## INPUT DATA:
⟨
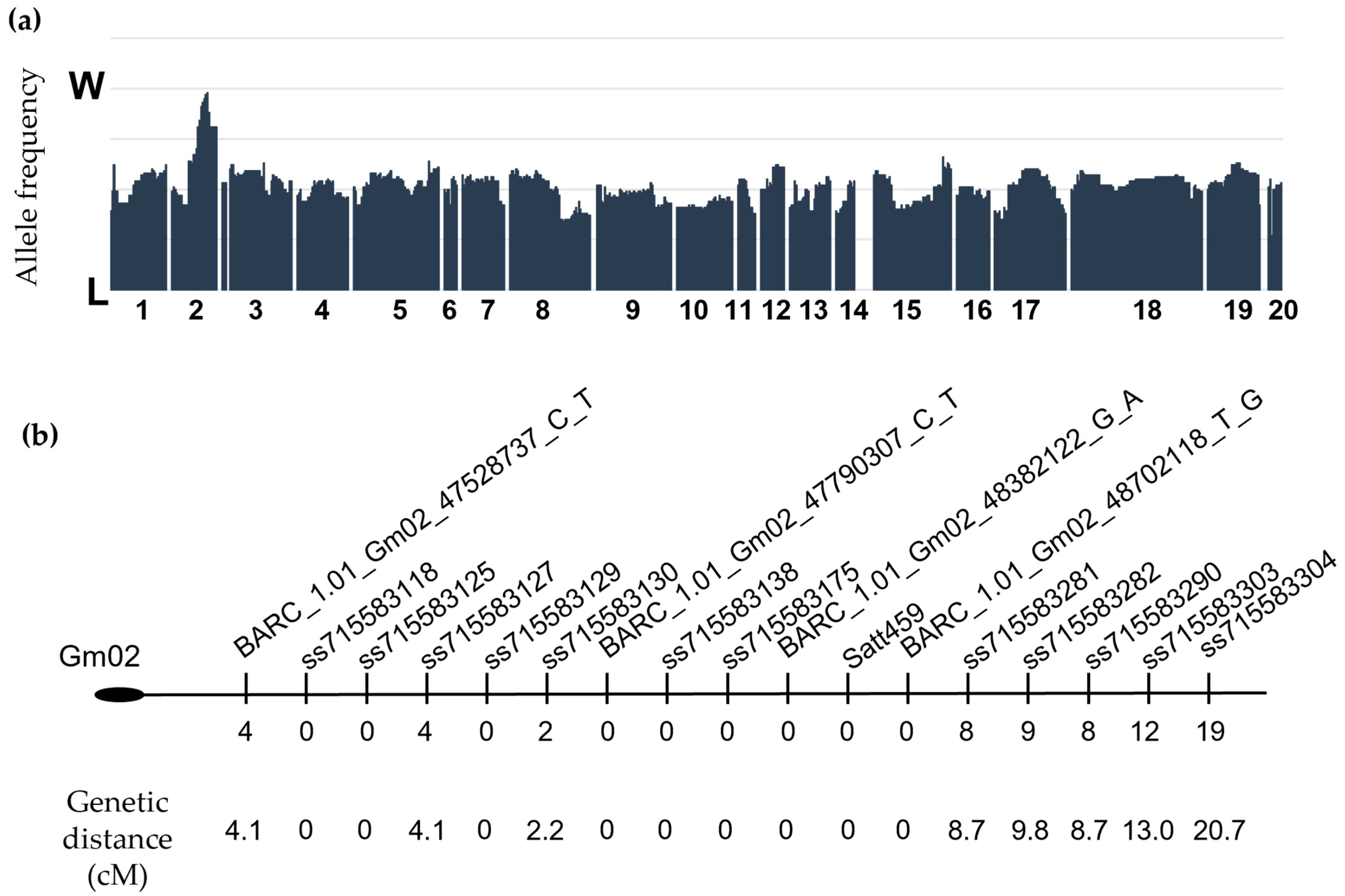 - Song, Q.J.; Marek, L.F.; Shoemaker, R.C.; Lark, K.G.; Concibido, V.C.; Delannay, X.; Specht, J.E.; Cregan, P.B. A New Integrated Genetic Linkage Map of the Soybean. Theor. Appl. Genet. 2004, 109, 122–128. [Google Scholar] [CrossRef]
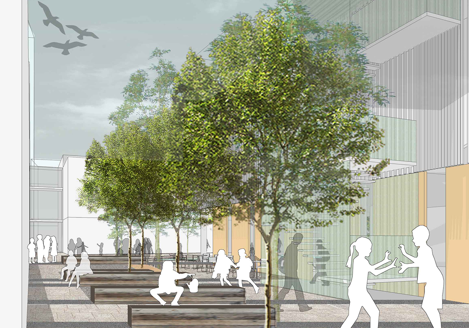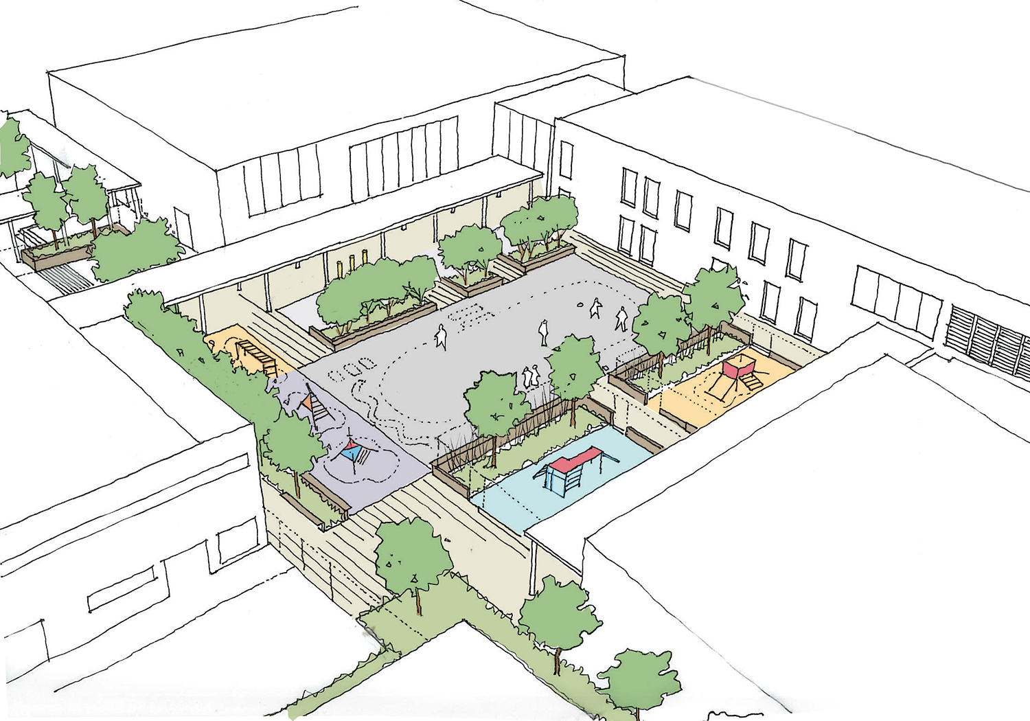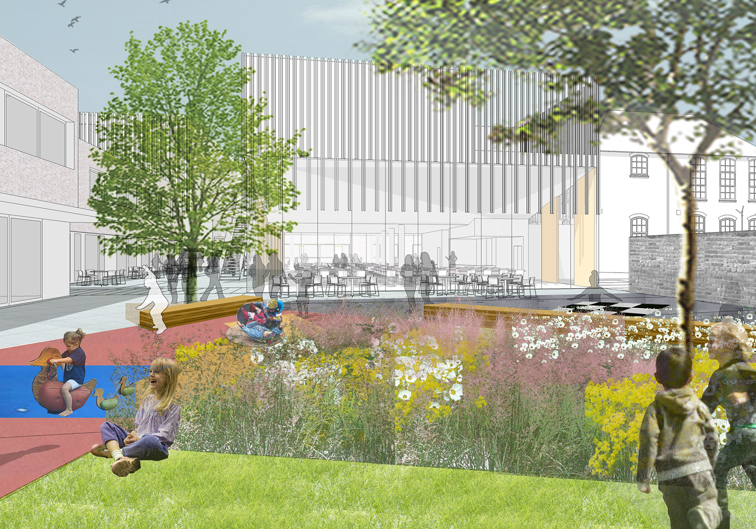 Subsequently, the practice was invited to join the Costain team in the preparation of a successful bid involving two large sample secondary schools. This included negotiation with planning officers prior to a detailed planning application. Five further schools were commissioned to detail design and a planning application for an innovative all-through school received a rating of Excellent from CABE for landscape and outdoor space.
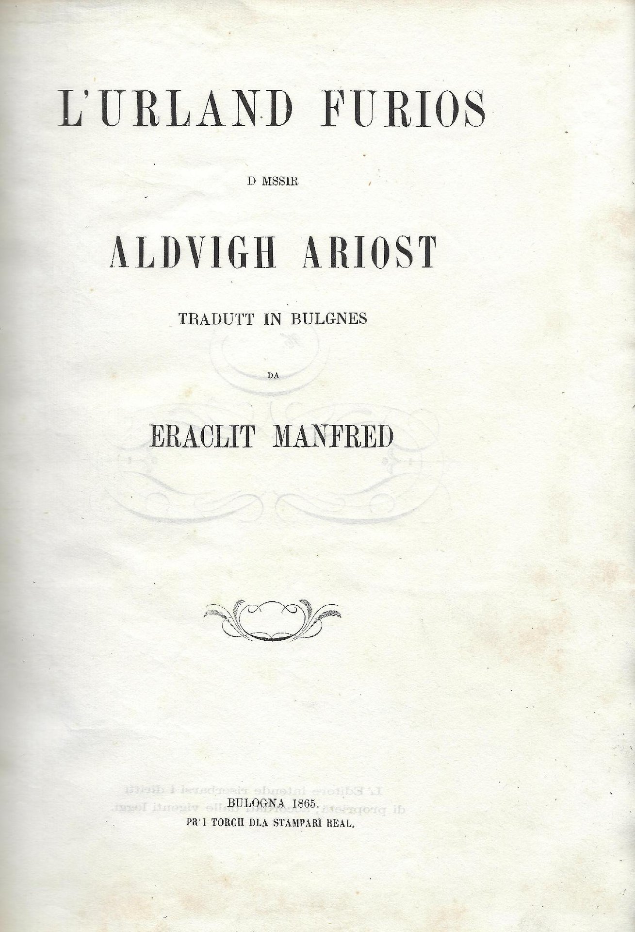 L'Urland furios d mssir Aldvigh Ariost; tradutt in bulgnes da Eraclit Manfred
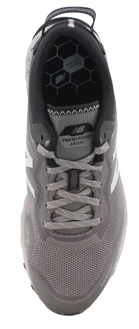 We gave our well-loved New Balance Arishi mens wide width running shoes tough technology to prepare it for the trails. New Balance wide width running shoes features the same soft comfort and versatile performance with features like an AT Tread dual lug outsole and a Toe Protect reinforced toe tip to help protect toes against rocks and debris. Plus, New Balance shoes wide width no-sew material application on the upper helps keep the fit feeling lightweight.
⟩
⟨
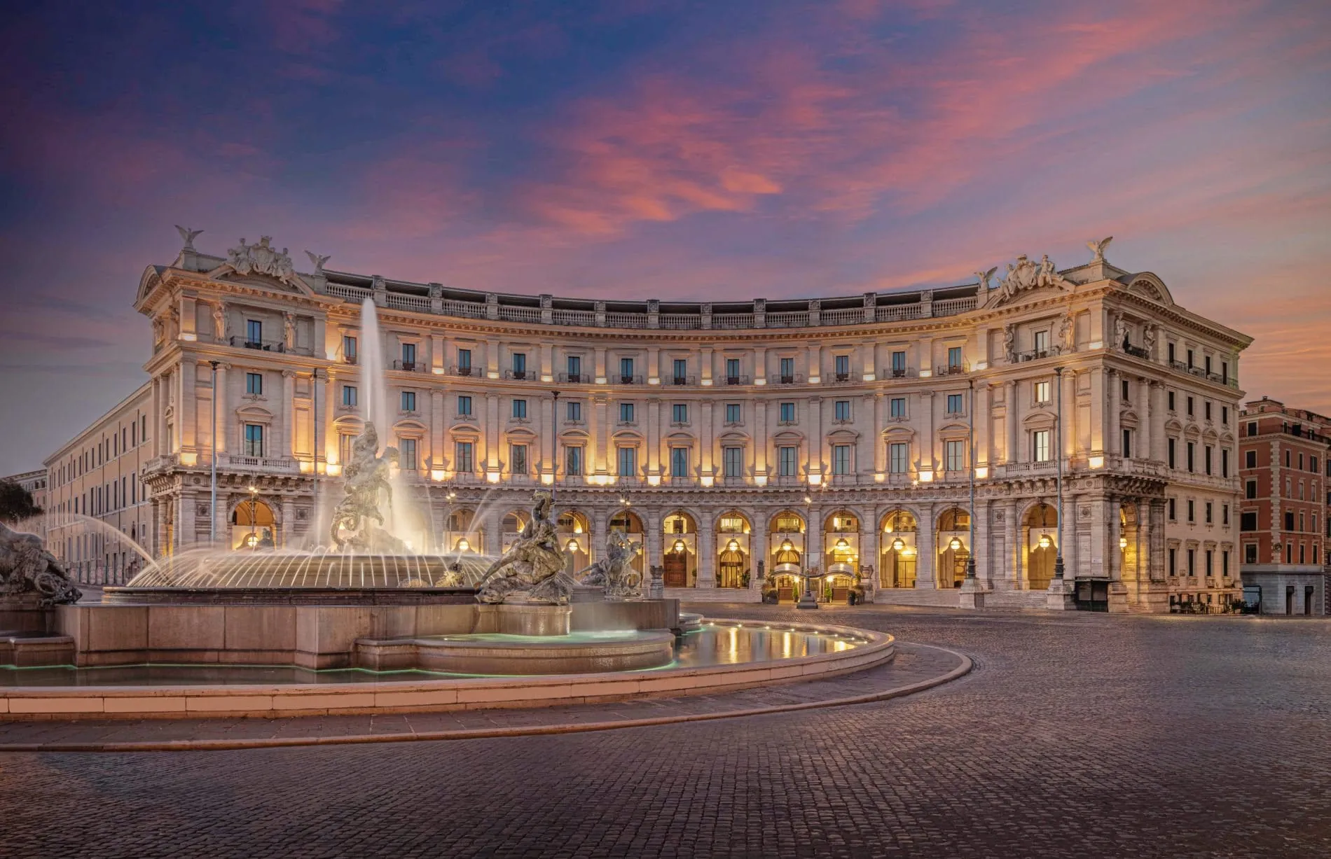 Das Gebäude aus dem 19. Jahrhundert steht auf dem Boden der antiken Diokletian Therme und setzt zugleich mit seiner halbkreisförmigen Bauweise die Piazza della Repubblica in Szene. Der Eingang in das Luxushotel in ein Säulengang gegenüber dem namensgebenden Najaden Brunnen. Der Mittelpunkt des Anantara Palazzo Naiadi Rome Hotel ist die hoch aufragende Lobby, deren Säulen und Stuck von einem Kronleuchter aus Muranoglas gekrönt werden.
⟩
⟨
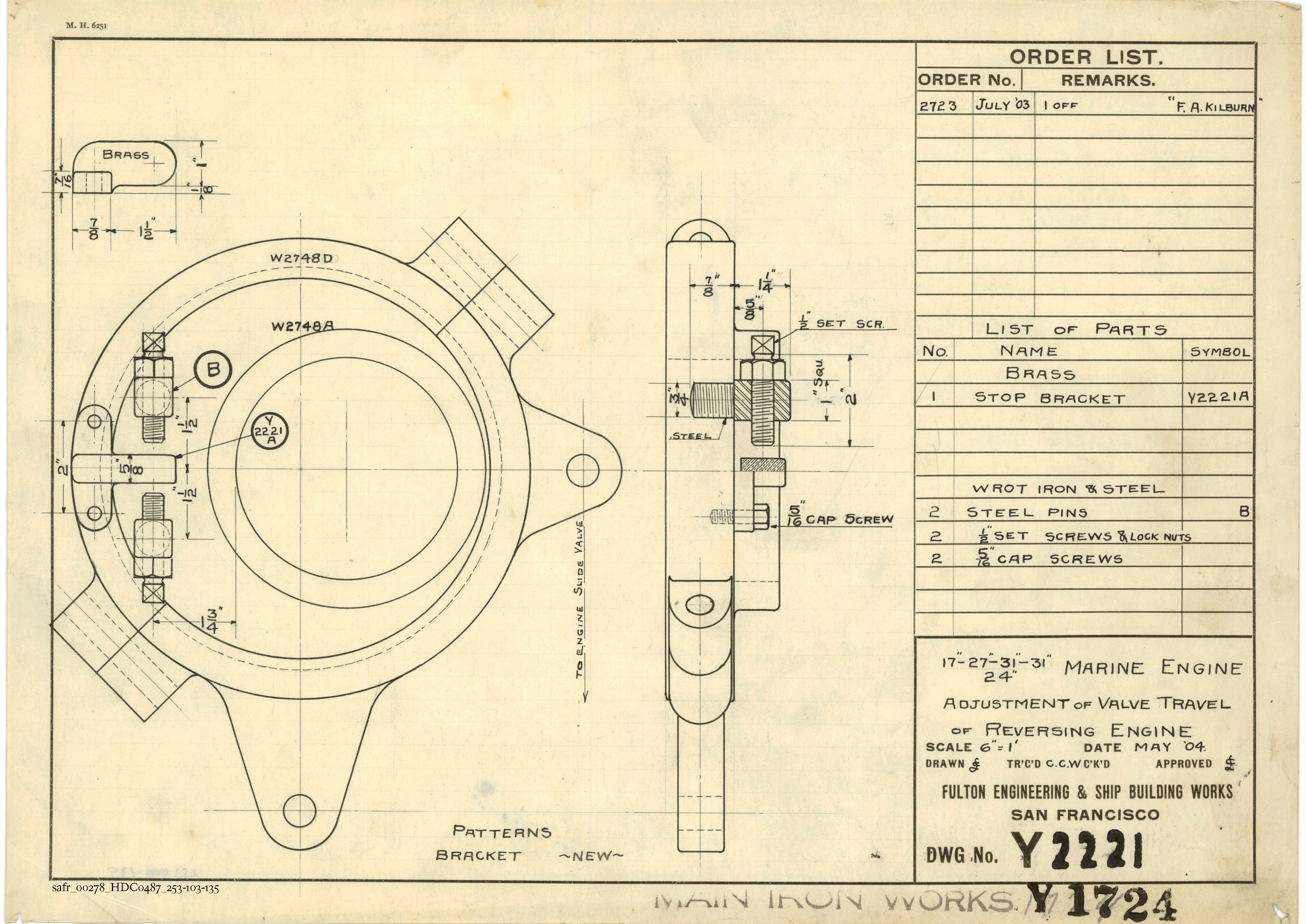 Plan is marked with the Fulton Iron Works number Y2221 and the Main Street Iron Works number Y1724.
⟩
## WORK TASK:
Reproduce exactly the lines of the data above that run from the line with "- Song, Q.J.;" down to the line with "We gave our", both ends included. Pictures do not belong in the copy.

## SOLUTION:
 - Song, Q.J.; Marek, L.F.; Shoemaker, R.C.; Lark, K.G.; Concibido, V.C.; Delannay, X.; Specht, J.E.; Cregan, P.B. A New Integrated Genetic Linkage Map of the Soybean. Theor. Appl. Genet. 2004, 109, 122–128. [Google Scholar] [CrossRef]
 Subsequently, the practice was invited to join the Costain team in the preparation of a successful bid involving two large sample secondary schools. This included negotiation with planning officers prior to a detailed planning application. Five further schools were commissioned to detail design and a planning application for an innovative all-through school received a rating of Excellent from CABE for landscape and outdoor space.
 L'Urland furios d mssir Aldvigh Ariost; tradutt in bulgnes da Eraclit Manfred
 We gave our well-loved New Balance Arishi mens wide width running shoes tough technology to prepare it for the trails. New Balance wide width running shoes features the same soft comfort and versatile performance with features like an AT Tread dual lug outsole and a Toe Protect reinforced toe tip to help protect toes against rocks and debris. Plus, New Balance shoes wide width no-sew material application on the upper helps keep the fit feeling lightweight.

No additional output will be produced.